Револя узнал, что Мотька путается с лагерной охраной, от Амбала. Трудно объяснить, отчего тот сказал про это, в последнее время и слова из него не вытянешь. Револя поверил и смутился. А смутившись, недолго раздумывал. Уже во вторую встречу с Мотькой был зол и нетерпелив, нет, не в разговоре с нею, в любви. Это страшно поразило Коськову. Легши с ним в постель, она привычно ждала от него действий вялых и ленивых, но все вышло не так, как предполагала, не утерпела, спросила с недоумением, впрочем, приятным для нее:

— Что с тобой? Вот лежу и не пойму, ты ли рядом со мною, нет ли?..

— Не я, другой… — отодвигаясь и дыша тяжело, сказал Револя. Спросил: — А что, много их у тебя?..

— Окстись!.. — отвечала Мотька. — Откуда?.. Сроду никого не приголубливала, кроме тебя, дурня.

— Врешь!.. — воскликнул Револя. Он хотел бы выказать свои истинные чувства к Мотьке, но теперь как бы не принадлежал себе и не мог ничего поделать с этим и все больше подвигался к смущению, но лишь, как и свойственно ему, к легкому смущению, в котором, впрочем, угадывалось немало противного подобному чувству, в частности, неприязнь сначала к Мотьке, потом и к себе.

— Врешь!.. — повторил он, подымаясь с кровати.

Мотька откинула одеяло, тоже хотела встать с постели и почему-то не смогла. Револя решил, что она испугалась, и посуровел, намеревался сказать еще о чем-то, чтобы окончательно вывести на чистую воду неблагодарную женщину, но слова не шли с языка. Какое-то время он стоял посреди комнаты, одной рукой поддерживая штаны, а другой очерчивая в воздухе.

Мотька с лихорадочной поспешностью соображала, что бы мог узнать Револя; она и мысли не допускала, что про ее крученье с лагерной охраной известно ему; она так ни до чего и не додумалась и сказала себе, что любовник кочевряжится, хотя это не похоже на него. Впрочем, мало ли что, взял да и открылся с другой стороны, про которую она и не догадывалась. И она успокоилась, хотя, собственно, и не шибко-то волновалась, зная цену себе и Револе. С каждым днем она набирала силу, это чувствовалось хотя бы по тому, как она теперь вела себя с людьми из деревенского мира и с теми, кто возвышается над ними.

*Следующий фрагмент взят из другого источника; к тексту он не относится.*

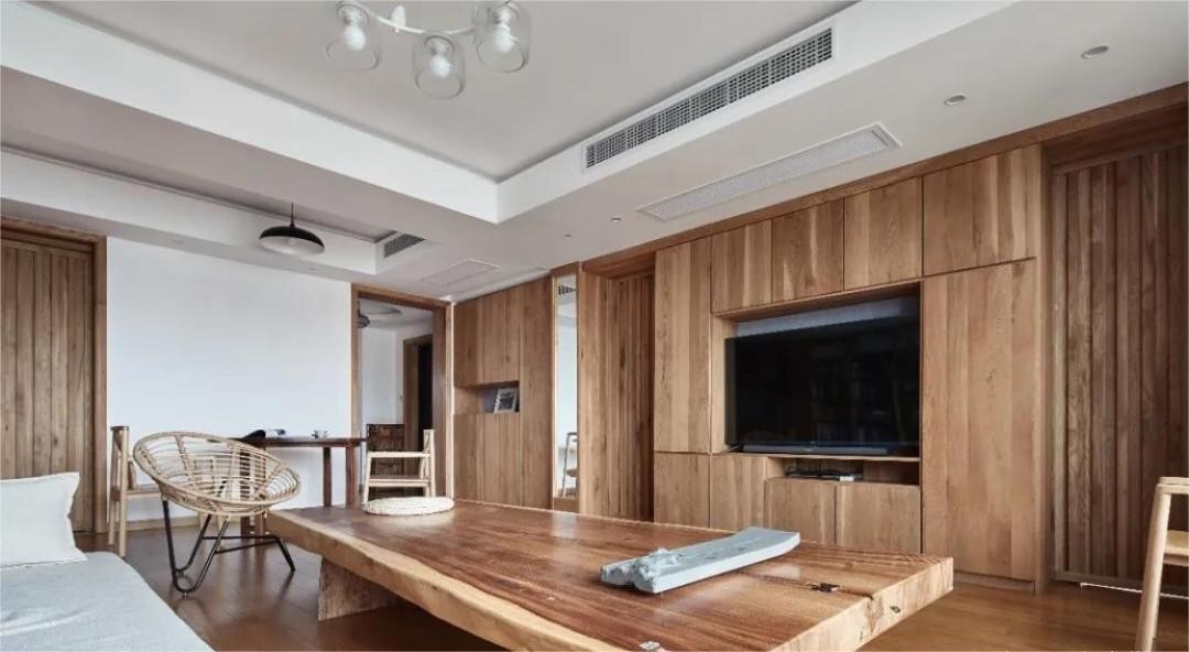 电视背景墙同样是实木打造,统一了空间的视觉感,同时也拥有更强大的收纳空间。
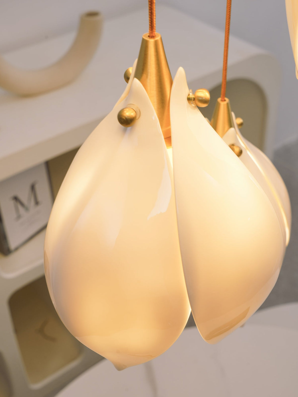 - The Lola Ceramic Pendant Lighting uses two petals as a lampshade, we eschewed the traditional crystal material to create the light effect, and instead used cream-colored ceramic.
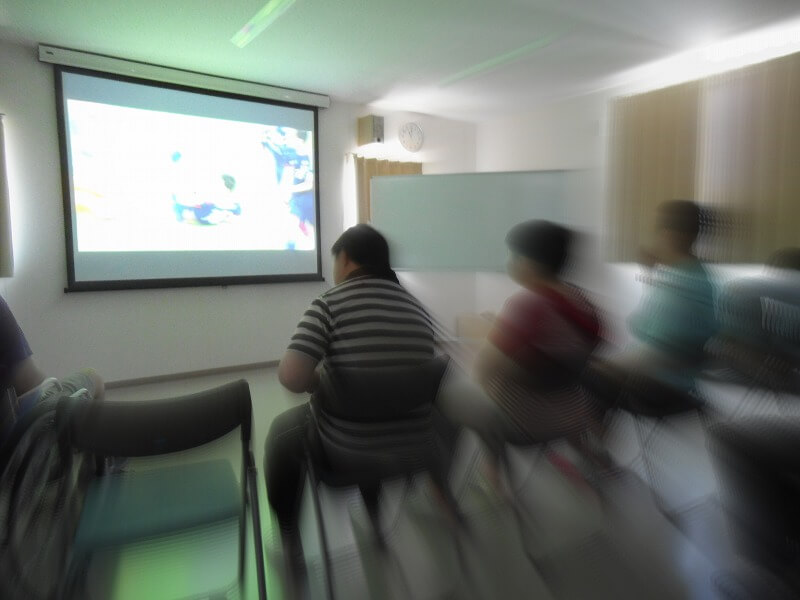 本日は日本のワールドカップ初戦。職員や利用者の皆さんと管理棟2階多目的室の100インチスクリーンにて観戦しました。
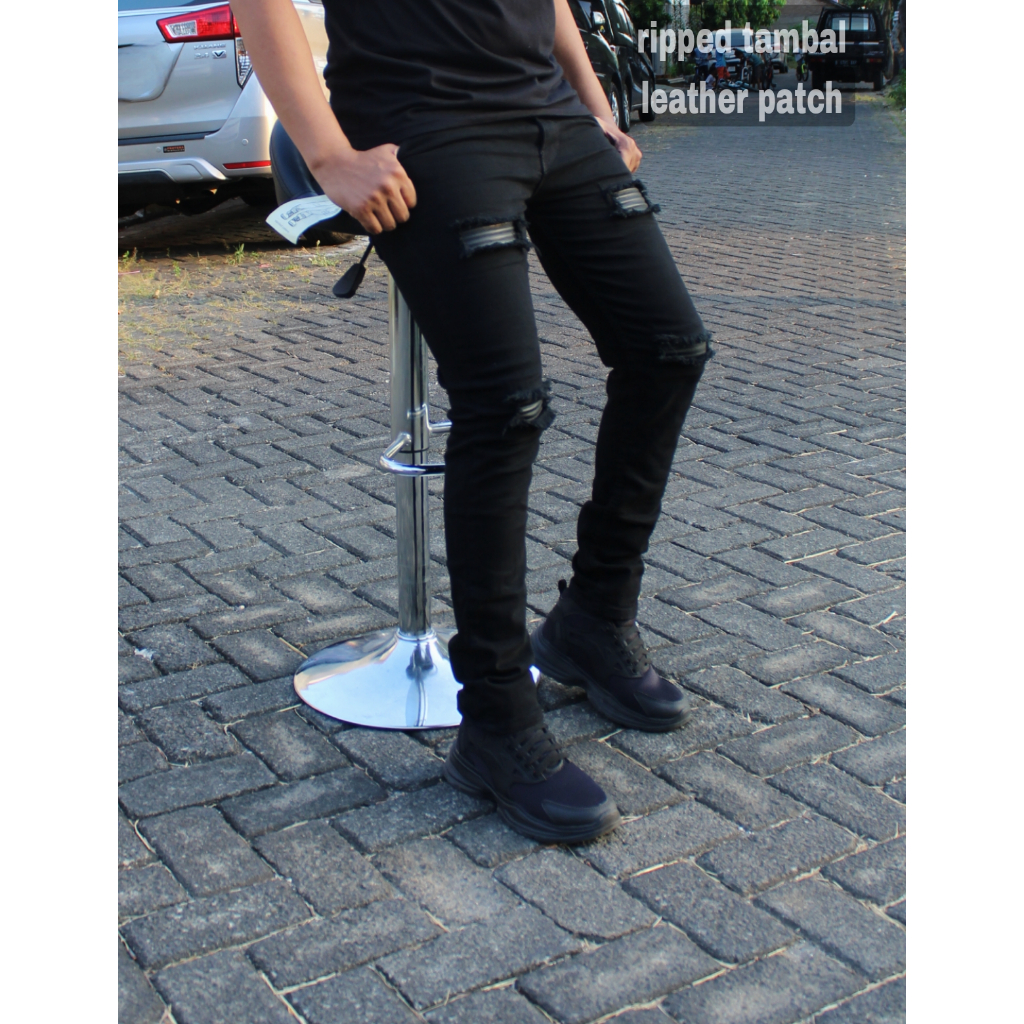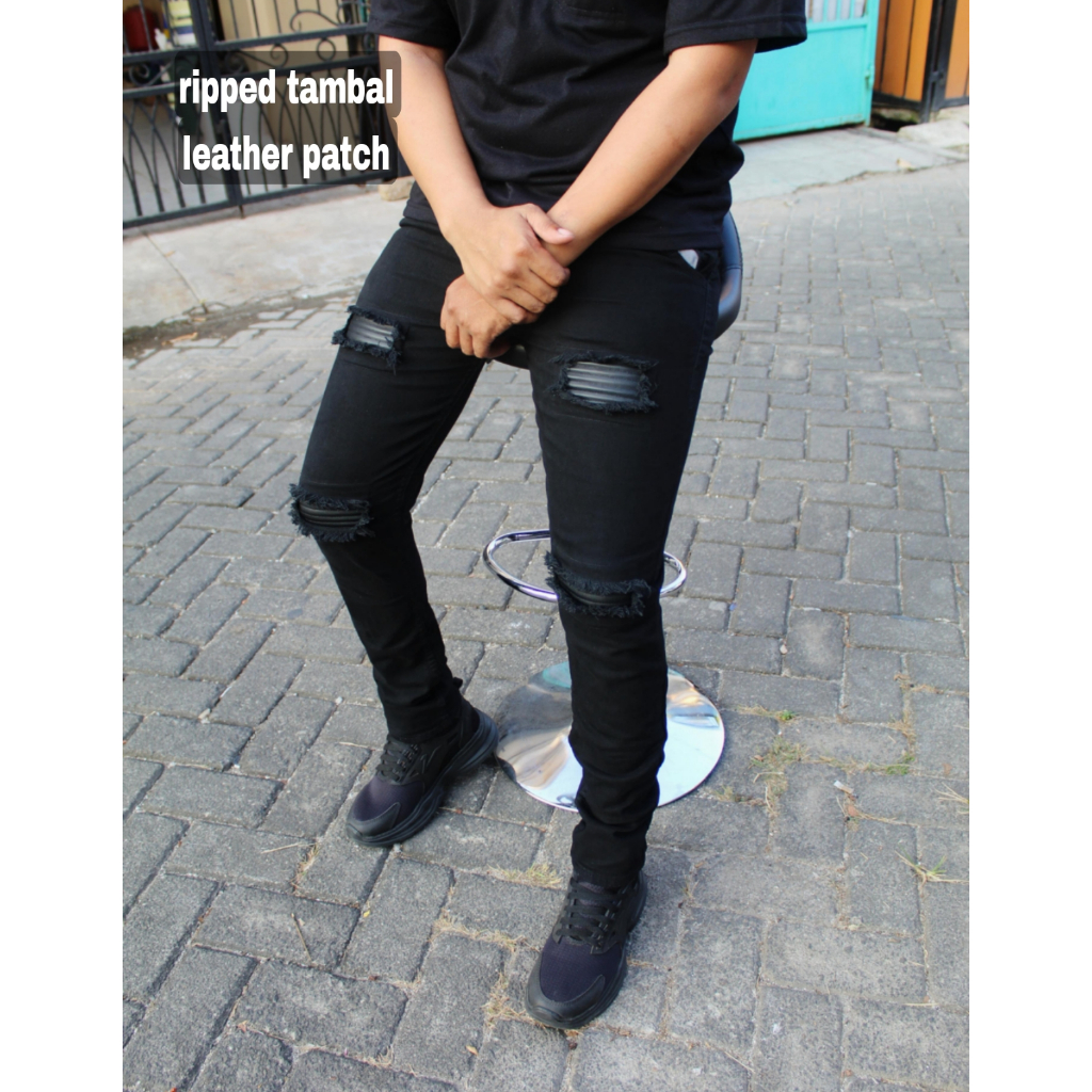 Celana sobek tambal Leather patch / Celana panjang jeans sobek pria pakai lapisan
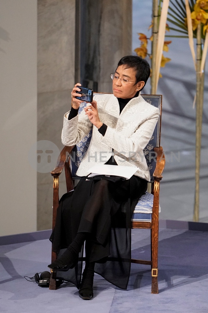 Oslo 20211210. Fredsprisvinner Maria Ressa under utdelingen av Nobels fredspris i Oslo rådhus. Foto: Cornelius Poppe / NTB
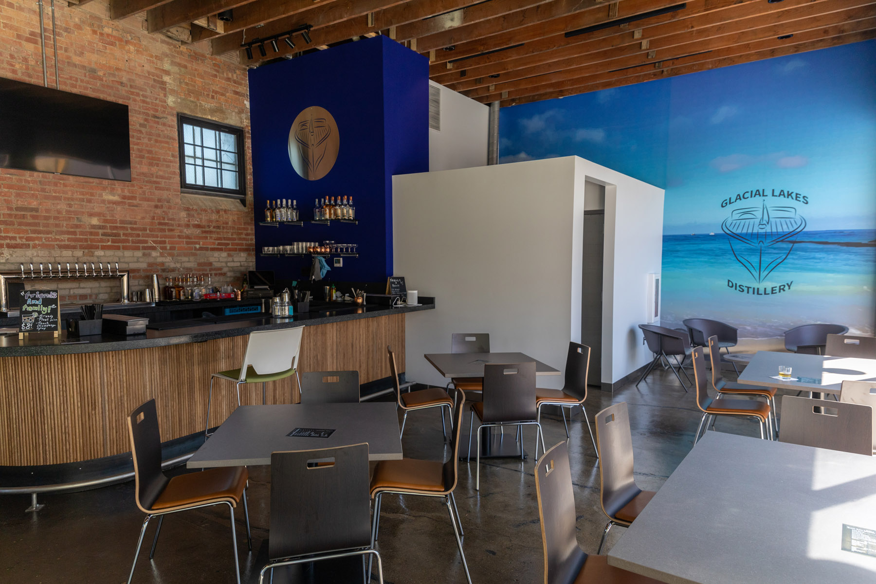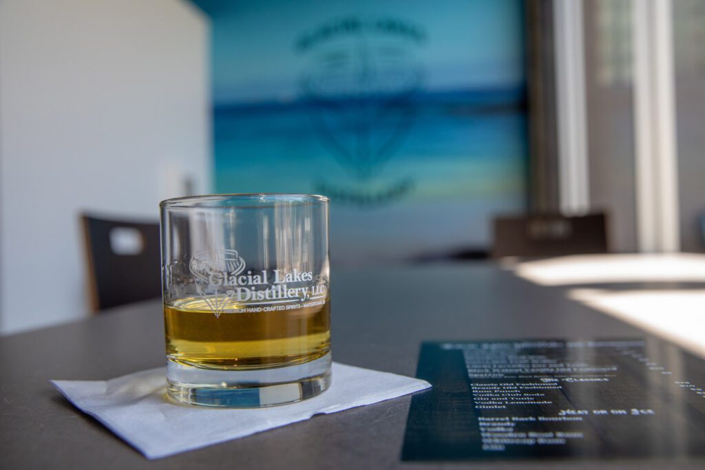 The opening menu features seven classic drinks and seven crafted cocktails, which are made with Glacial Lakes’ liquors: vodka, white rum, dark rum, gin, brandy – and its newest spirit: bourbon.

Револя умел сдерживать чувства, не проявлять их где ни попадя даже в те минуты, когда нестерпимо тянуло раскрыть себя. Он умел одолеть в душе поднявшееся: все в нем точно бы создано для такого существования, чуть притаенного, сдерживаемого им самим, а нередко и приближенными к нему людьми. Поступать так оказалось несложно, это по первости что-то мешало, принуждал себя отказываться от многого, к чему привык сызмала. Зато и отказался совершенно и уж не помнил ничего из давнего, вроде бы ничего и не было, а если и было, то, скорее, не с ним, с кем-то похожим на него.

Револя, поднявшись с постели и натянув штаны, не сразу заговорил с Мотькой; ходил по избе, заложив руки за спину и сильно нагибаясь вперед, и заметно нервничал: обида жила в нем и временами ему воображалось, как он отомстит и как взвоет Мотька, обжегшись об его месть. Но понемногу он обрел возможность мыслить трезво и приободрился, и, когда заговорил с Мотькой, был привычно холоден и сдержан и безразличен к чужой боли.

Мотька слушала, и тревога в ней росла, вдруг подумала: а что как переоценила свои силы, и Револя сумеет отомстить за обиду, и никто не помешает ему: те, из воровской среды, в кого она поверила, могут и не заступиться, и тогда никто не спасет ее.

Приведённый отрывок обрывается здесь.